Say that I want to take the mean pool of a couple entities, each spanning a few tokens.

I have last_hidden_state which is a 512 tokens x 768 embedding size tensor.

I also have mean_slices which is a n x 2 sized tensor, where n is the number of entities within the 512 tokens. Each row contains two numbers, they are the start and end token index for each entity.

Since there are no ragged tensors in pytorch, I came up with a workaround where I would calculate the cumsum of the embeddings along the axis of the 512 tokens, and then for each cumsum of an end entity index, I would subtract out the cumsum before the start entity index, and then divide by the length of the slices.

Here’s how it would look like in pytorch code

padded = torch.nn.functional.pad(
    last_hidden_state.cumsum(dim=0), (0, 0, 1, 0)
)

pools = torch.diff(
    padded[mean_slices], dim=1
).squeeze()/torch.diff(mean_slices, dim=1)

However, I am wondering if this may not work as intended, as gradients will be passed to all tokens, not just the ones being averaged…I think.

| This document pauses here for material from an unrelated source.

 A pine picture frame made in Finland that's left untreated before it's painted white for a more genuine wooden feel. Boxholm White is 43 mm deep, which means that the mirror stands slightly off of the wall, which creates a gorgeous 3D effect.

wu_ao · March 9, 2022, 2:14pm

I tested on pytorch, using code like this

last_hidden_state = torch.randn(5, 2, requires_grad=True)
mean_slices = torch.tensor([[0, 3], [3,4]])

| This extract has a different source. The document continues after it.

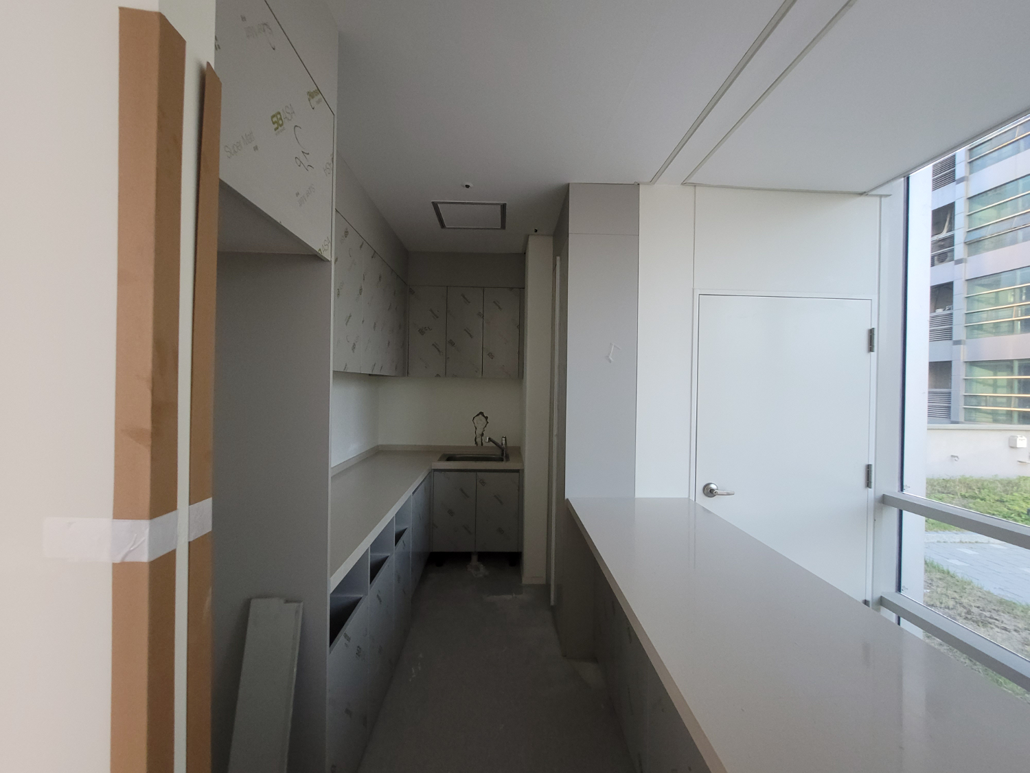 직원들의 워라밸을 높여 줄 다이닝 공간입니다. 카페테리아로 사용되며 간단한 식사를 즐길 수 있도록 아일랜드 식탁을 잊지않았고 수납공간 확보를 위한 상하부장도 마련했습니다. 또한 특이한 매력의 조명으로 시선을 사로잡고 냉장고장도 시공하여 깔끔하게 모든 것이 수납될 것입니다.
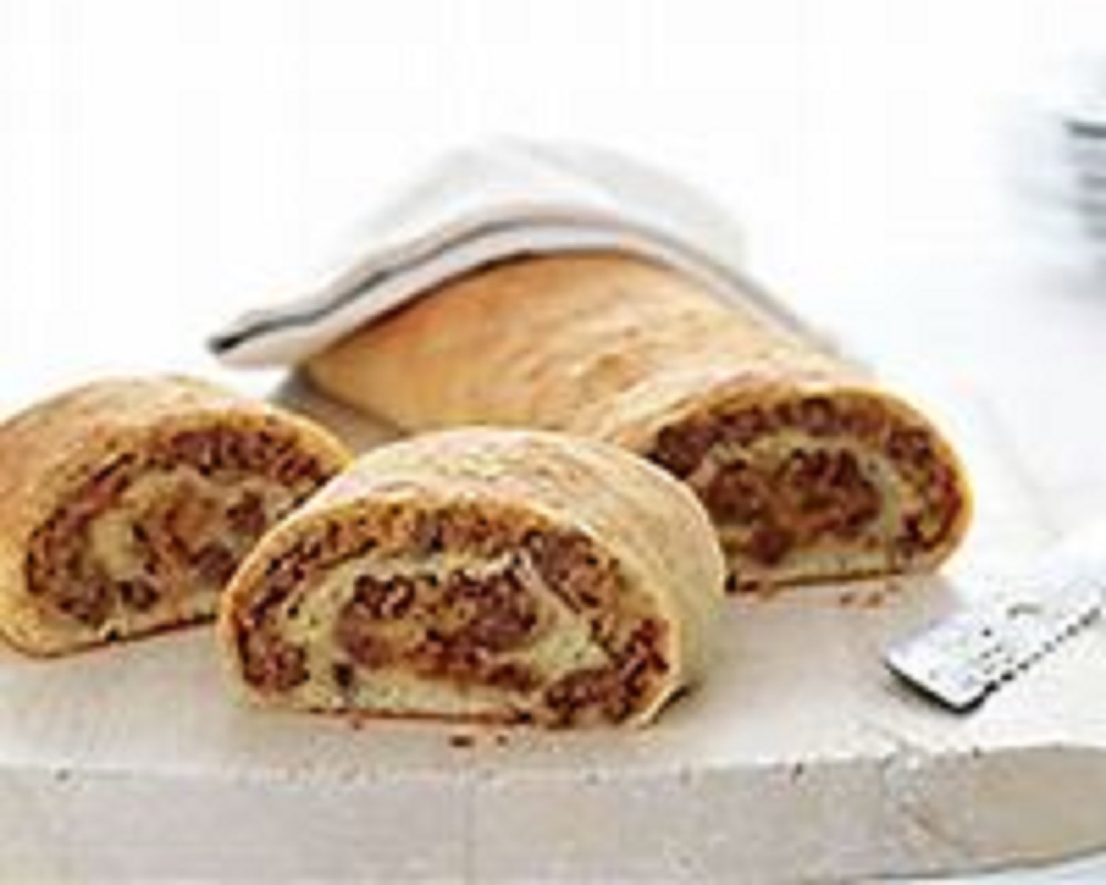 Unroll pizza dough onto baking sheet sprayed with cooking spray. Press into 15x8-inch rectangle; top with meat mixture. Roll up, starting at one long side. Rearrange if necessary so roll is seam side down.

padded = torch.nn.functional.pad(
    last_hidden_state.cumsum(dim=0), (0, 0, 1, 0)
)

pools = torch.diff(
    padded[mean_slices], dim=1
).squeeze()/torch.diff(mean_slices, dim=1)

pools.sum().sum().backward()
#outputs
"""
tensor([[0.33, 0.33],
        [0.33, 0.33],
        [0.33, 0.33],
        [1.00, 1.00],
        [0.00, 0.00]])
"""
#when I do this without using cumsum
last_hidden_state.grad.data.zero_()  # zero gradient
span1 = last_hidden_state[0:3, ...].mean(0, keepdim=True)
span2 = last_hidden_state[3:4, ...].mean(0, keepdim=True)
spans = torch.cat([span1, span2], dim=0)
spans.sum().sum().backward()
#outputs
"""
tensor([[0.33, 0.33],
        [0.33, 0.33],
        [0.33, 0.33],
        [1.00, 1.00],
        [0.00, 0.00]])
"""

so I think their output are exactly the same, tokens will receive 1/span_len gradient of its belonging span
, and other tokens outside any span will not receive gradient.
Your solution works fine, feel free to use it.